(Saved entries)
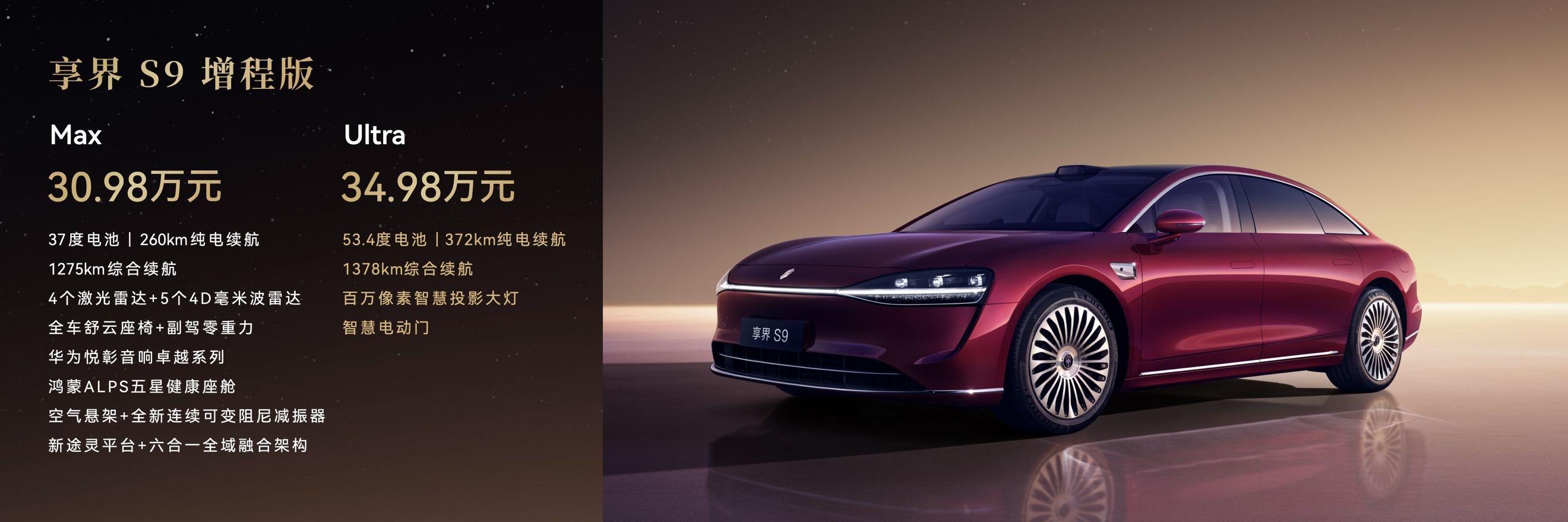 旗舰9系,越境豪华。新车共推出4个版本:享界S9增程版Max售价30.98万元,享界S9增程版Ultra售价34.98万元,享界S9纯电版Max售价32.98万元,享界S9纯电版Ultra售价36.98万元。首销期下定,可享受至高价值60000元权益[26],包括价值至高10000元寰宇红/浩宇蓝 外饰限时免费、价值10000元的零重力座椅抵扣券、价值20000元ADS高阶功能包补贴权益、价值6000元舒享用车大礼包、价值4000元辅助驾驶无忧服务权益、至高10000元的定向选配优惠。首销权益有效期至2025年12月22日 23:59:59,预订权益可叠加,更有至高15000元购置税补贴方案[27]。鸿蒙智行其他车型车主增购/换购新款享界S9享尾款减免20000元。目前,新款享界S9试驾车已陆续进入全国门店,用户可在全国800+线下阵地、鸿蒙智行官网、鸿蒙智行App、华为商城App、我的华为App等官方渠道预约体验试驾。
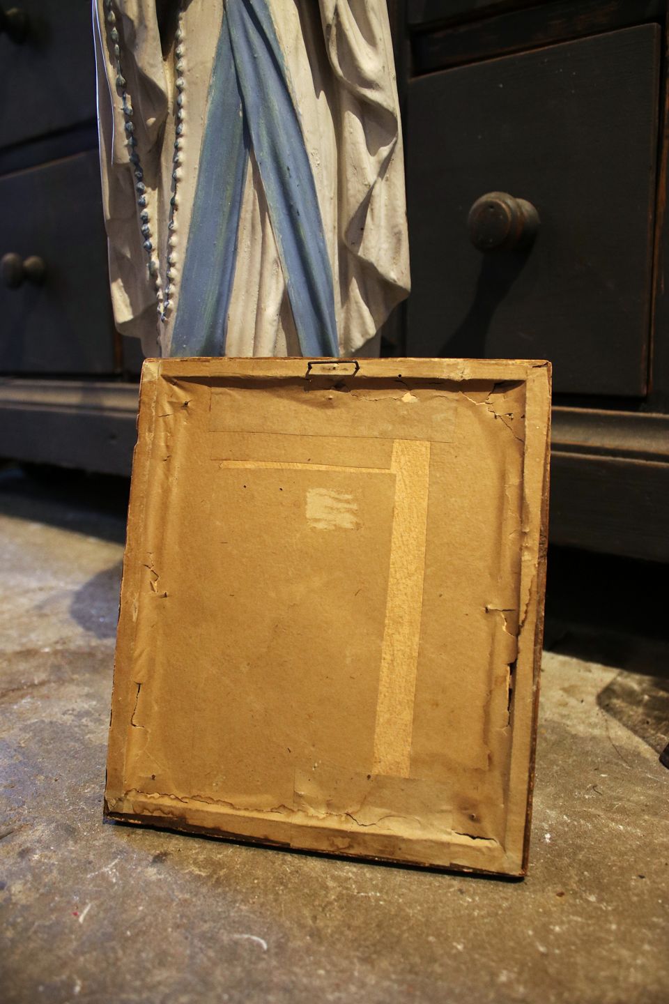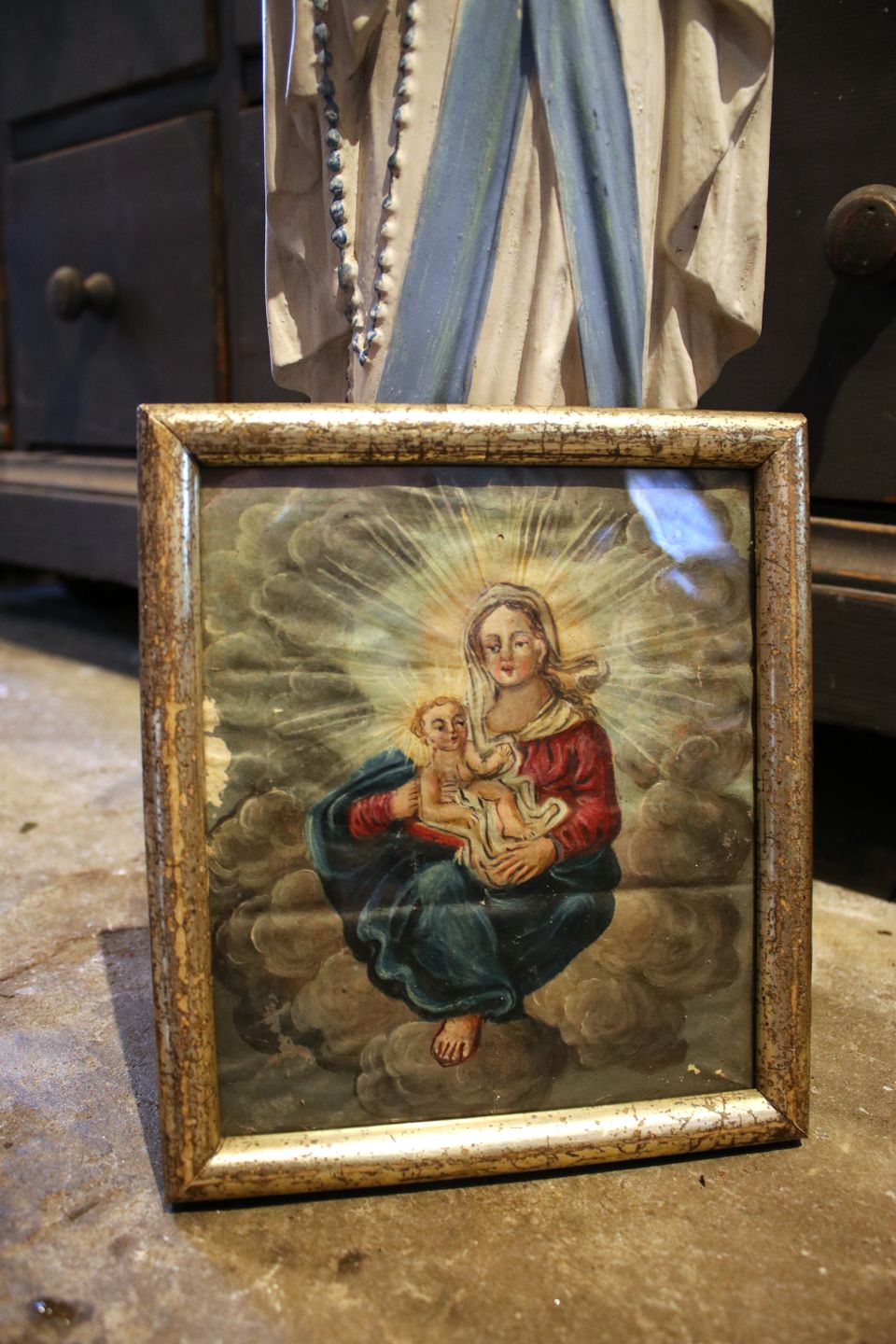 Antikt håndmalet akvarel maleri af Madonna med Jesusbarnet i gammel sølvramme...
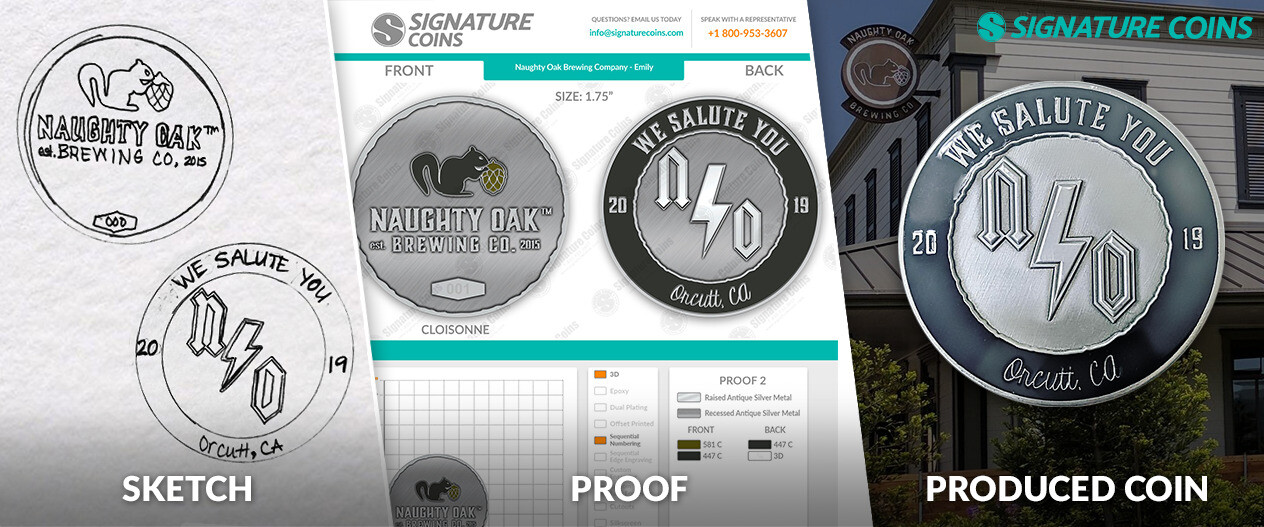If you are looking for a unique way to build camaraderie and community in your team or business, take it from the Kitts that challenge coins are an awesome place to start! Our Signature Coins team has everything you need to make your dreams for design a reality, but if you need to kick back and enjoy a cold one, you might want to check out Naughty Oak — they have got you covered there!
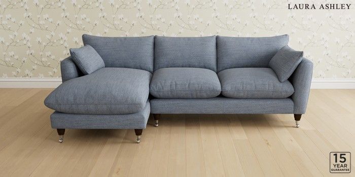6.12.1 Buy Casterton by Laura Ashley Medium Sofa Chaise - Left Hand Harley Seaspray Blue Low Chrome Castor - Chestnut from the Laura Ashley online shop Click here to use our website with more accessibility support, for example screen readers
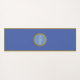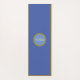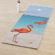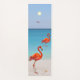 Lindos flamingos na praia com o sol ascensão Yoga Mat. O verso é azul-oceano sólido com a palavra yoga.
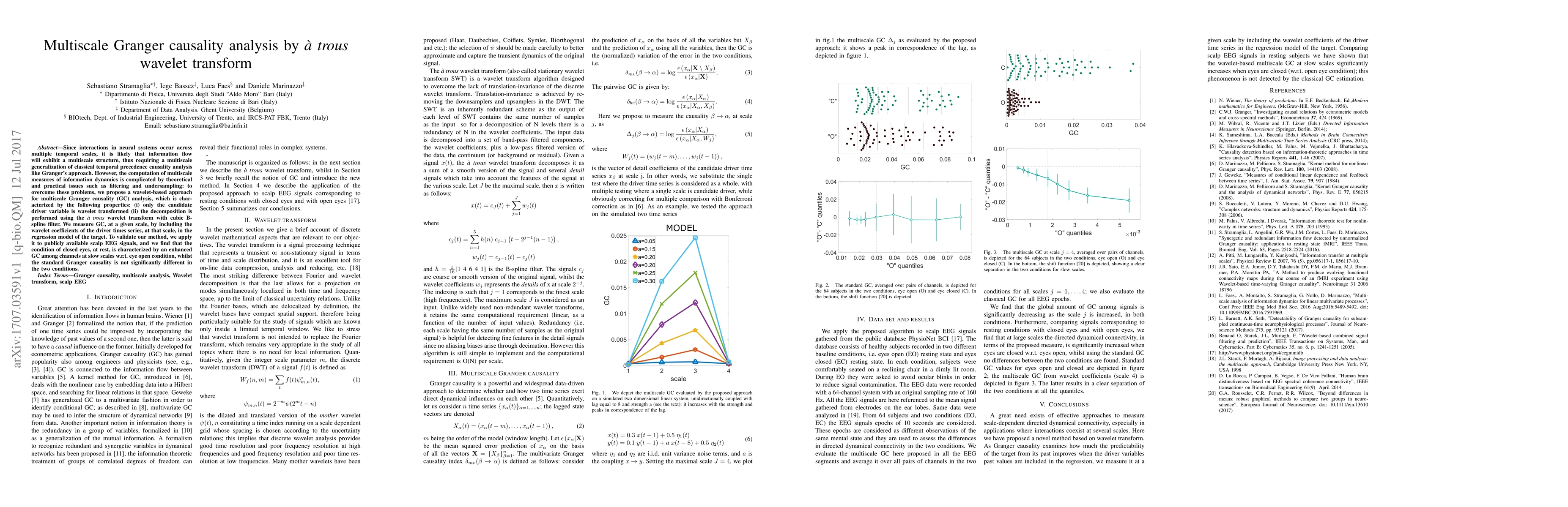 This paper proposes a wavelet-based method for multiscale Granger causality analysis using the \`a trous wavelet transform to address theoretical and practical issues in measuring information dynamics across multiple temporal scales. The method shows enhanced multiscale Granger causality among EEG channels during closed eyes at rest compared to the open eyes condition.
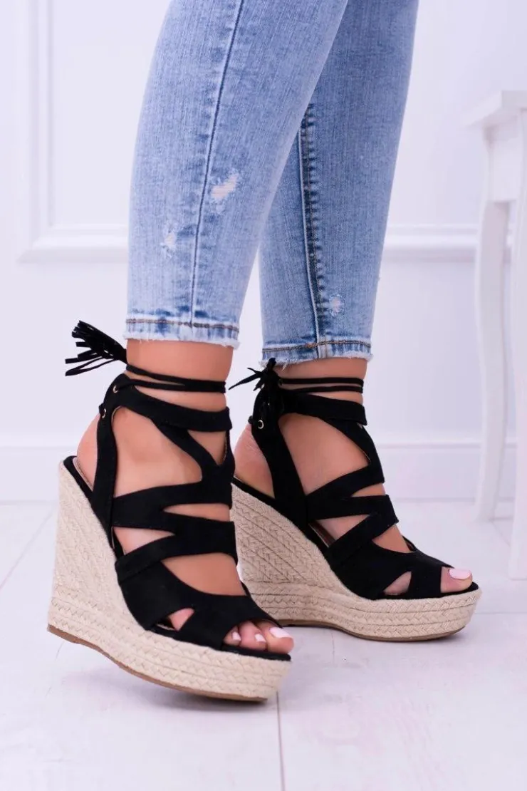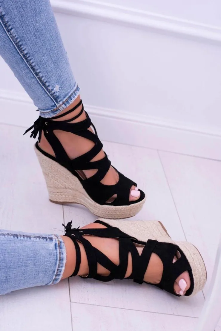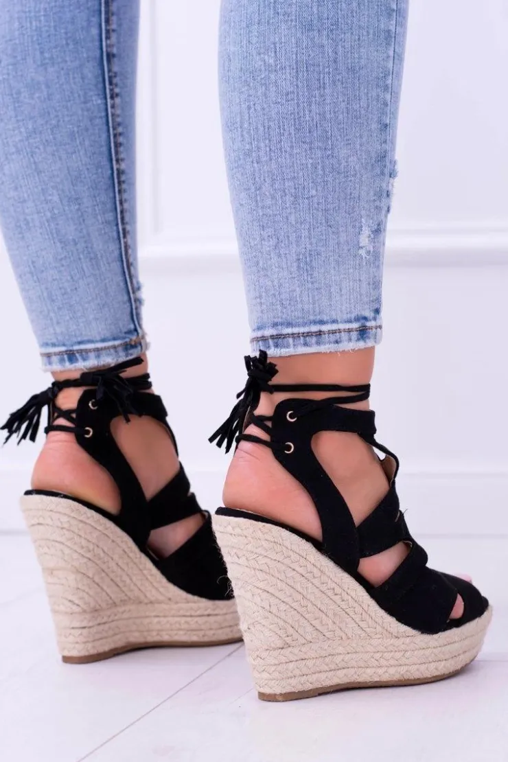 Damskie Boto Czarne Zamszowe Sandały Na Koturnie Nowelio

• _Work required_: Print, exactly and only, the lines running from the line with "6.12.1 Buy Casterton" through the last line of the data, including both. Skip any picture.

• _Completed task_:
6.12.1 Buy Casterton by Laura Ashley Medium Sofa Chaise - Left Hand Harley Seaspray Blue Low Chrome Castor - Chestnut from the Laura Ashley online shop Click here to use our website with more accessibility support, for example screen readers
 Lindos flamingos na praia com o sol ascensão Yoga Mat. O verso é azul-oceano sólido com a palavra yoga.
 This paper proposes a wavelet-based method for multiscale Granger causality analysis using the \`a trous wavelet transform to address theoretical and practical issues in measuring information dynamics across multiple temporal scales. The method shows enhanced multiscale Granger causality among EEG channels during closed eyes at rest compared to the open eyes condition.
 Damskie Boto Czarne Zamszowe Sandały Na Koturnie Nowelio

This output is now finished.